SU EX LA INVITÓ A SU BODA PARA HUMILLARLA… PERO ELLA LO DEJÓ EN SHOCK…
Mientras esperaba en la estación, llamó a su madre. Mamá, voy para casa. ¿Pasó algo, hija? Alejandra observó a la gente que pasaba, cada quien con su propia historia de dolor. Te cuento cuando llegue. En el autobús, junto a la ventana, vio como San Diego se alejaba. Los edificios donde había depositado sus sueños se hacían pequeños. Las lágrimas, por fin libres, corrieron por sus mejillas. Una señora mayor le ofreció un pañuelo de tela. Los hombres no valen nuestras lágrimas, mijita.
Alejandra sonrió entre soyosos. No lloro por él, lloro por mí por lo ciega que fui. Entonces son lágrimas que limpian dijo la señora. Déjala salir. Y así lo hizo. Lloró hasta quedarse dormida con una mano protectora sobre su vientre, donde crecía una vida inocente. Lo que Alejandra no sabía era que ese bebé no venía solo y que el camino que ahora parecía el fin de sus ilusiones sería el principio de algo mucho más grande que el falso amor de Sebastián Valverde.
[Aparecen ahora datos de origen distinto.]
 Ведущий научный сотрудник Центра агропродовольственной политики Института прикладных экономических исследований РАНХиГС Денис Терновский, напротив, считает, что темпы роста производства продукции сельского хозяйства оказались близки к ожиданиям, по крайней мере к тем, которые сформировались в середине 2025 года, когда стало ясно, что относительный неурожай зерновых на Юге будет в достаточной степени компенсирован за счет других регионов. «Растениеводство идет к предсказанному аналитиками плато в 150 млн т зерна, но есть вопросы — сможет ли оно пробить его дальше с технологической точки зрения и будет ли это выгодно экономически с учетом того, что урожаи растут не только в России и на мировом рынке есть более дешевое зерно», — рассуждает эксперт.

Un año antes, Alejandra pisaba por primera vez el suelo reluciente del edificio Valverde. Su falda negra y blusa blanca eran lo mejor de su guardarropa. El cabello recogido en un moño y los zapatos prestados de su prima le daban confianza. “Vengo por el puesto de secretaria ejecutiva”, dijo a la recepcionista rubia que la examinó de pies a cabeza. Piso 15. El señor Valverde la espera. Alejandra pensó que vería al dueño, un anciano según las revistas. El ascensor subió veloz, demasiado rápido para calmar sus nervios.
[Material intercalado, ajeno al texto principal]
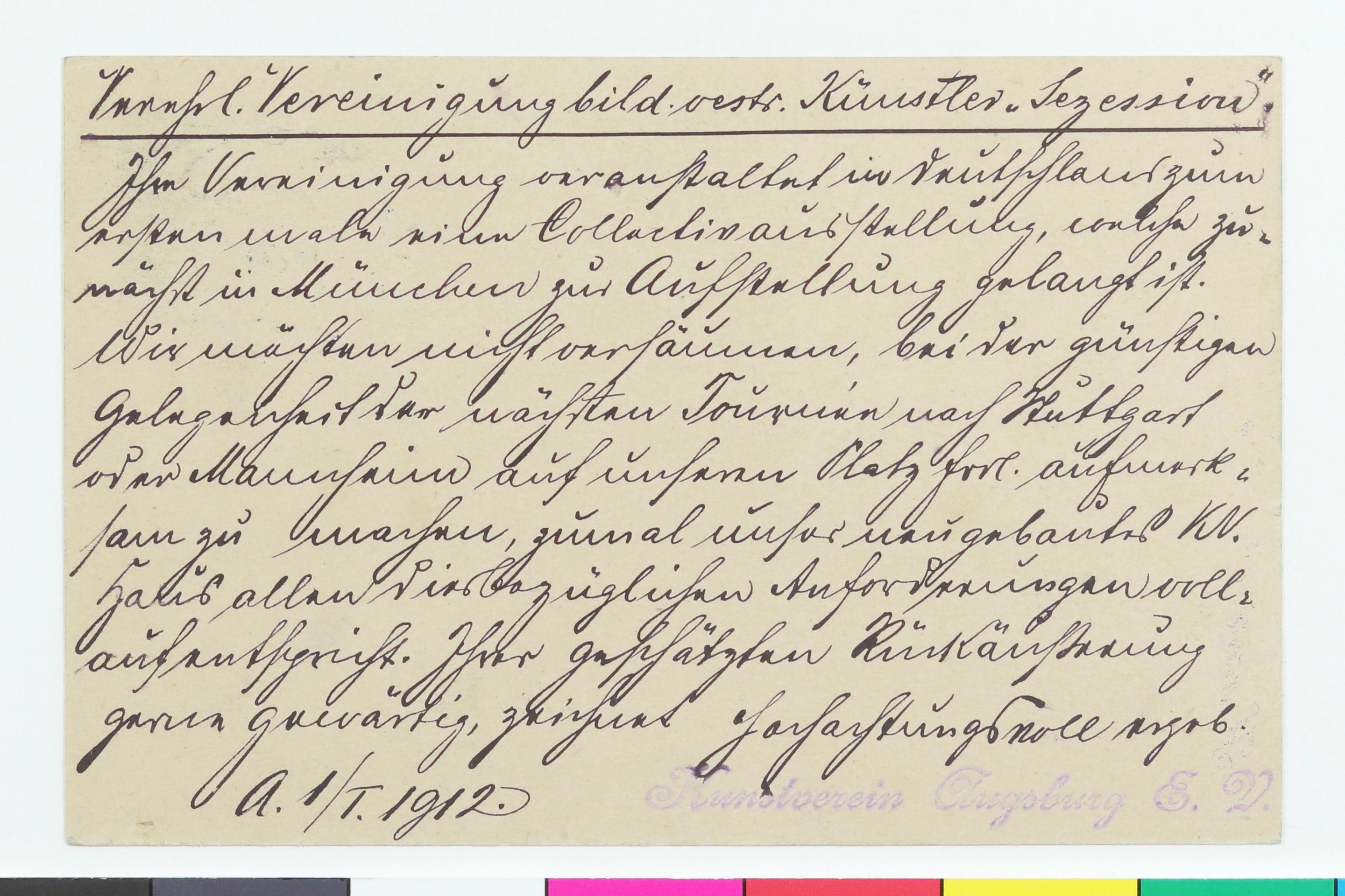 Postkarte vom Kunstverein Augsburg an die Secession

La puerta estaba abierta. Un hombre joven hablaba por teléfono junto a la ventana. Al verla, terminó la llamada. Señorita Mendoza, soy Sebastian Valverde. No era el empresario canoso que esperaba. Este hombre tendría 30 años con ojos azules que contrastaban con su piel bronceada y cabello negro. Su traje azul marino parecía diseñado exclusivamente para él. “Mucho gusto”, logró decir Alejandra estrechando su mano. El contacto envió una corriente extraña por su brazo. Siéntese, por favor. Su currículum me impresionó.
La entrevista fluyó mejor de lo esperado. Sebastián era cordial, profesional, pero había algo en su mirada que la inquietaba. El puesto es suyo, dijo al final. Necesito alguien organizado y discreto. Usted parece perfecta. Alejandra salió del edificio eufórica. Un trabajo con buen sueldo en una empresa importante. Su vida cambiaba por fin. Los primeros meses fueron intensos. Sebastian exigía perfección, pero recompensaba bien. Alejandra aprendió rápido, ganándose su confianza. Mantenía todo profesional, aunque notaba como él la observaba cuando creía que ella no se daba cuenta.
La fiesta de Navidad de la empresa lo cambió todo. Alejandra no quería asistir, pero su amiga Lucía insistió. Necesitas divertirte. Además, ese vestido rojo te queda espectacular. El salón del hotel brillaba con luces y decoraciones. Alejandra se sentía fuera de lugar entre ejecutivos y sus esposas cubiertas de joyas. Se refugió en un rincón con una copa que apenas probó. No debería esconderse la mujer más hermosa de la fiesta. Sebastián apareció a su lado, elegante en su traje negro sin corbata.